Blood is the gold standard diagnostic fluid for most health exams, but saliva is an attractive, non-invasive alternative that contains many relevant and useful biomarkers. Can new biosensors help harness its potential for at-home diagnostics?

A woman is taking a syringe out of her mouth.

Many people do not like having blood drawn, but this method still remains the gold standard for many diagnostic tests. According to the CDC, around 14 billion laboratory tests are performed annually in the United States alone,1 with complete blood count being the most common type of test.2

Yet biomarkers are present in other bodily fluids, if we can measure them correctly. Saliva is a non-invasive option, but current analysis techniques are limited by the reliance on chromatography or lateral flow assays, which require expensive lab-based instruments operated by trained personnel and may offer only semiquantitative results.

To tackle this issue, a team of researchers from the United States and Canada began looking more deeply into electrochemical aptamer-based (EAB) biosensors.
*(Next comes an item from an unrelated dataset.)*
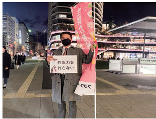
性暴力を許さないフラワーデモ

This reagent-less sensing platform allows for continuous and real-time measurements directly in undiluted, unstimulated whole saliva. In their proof-of-concept study, published in ACS Sensors, the team developed EAB biosensors capable of detecting glucose and adenosine monophosphate. Their findings indicate that EAB sensors can perform rapid and easy molecular measurements in saliva with extremely high sensitivity, capable of detecting incredibly small, almost microscopic amounts of these substances. Furthermore, these sensors can be cleaned and reused for up to a week if they are washed and kept in a phosphate-buffered saline solution at room temperature.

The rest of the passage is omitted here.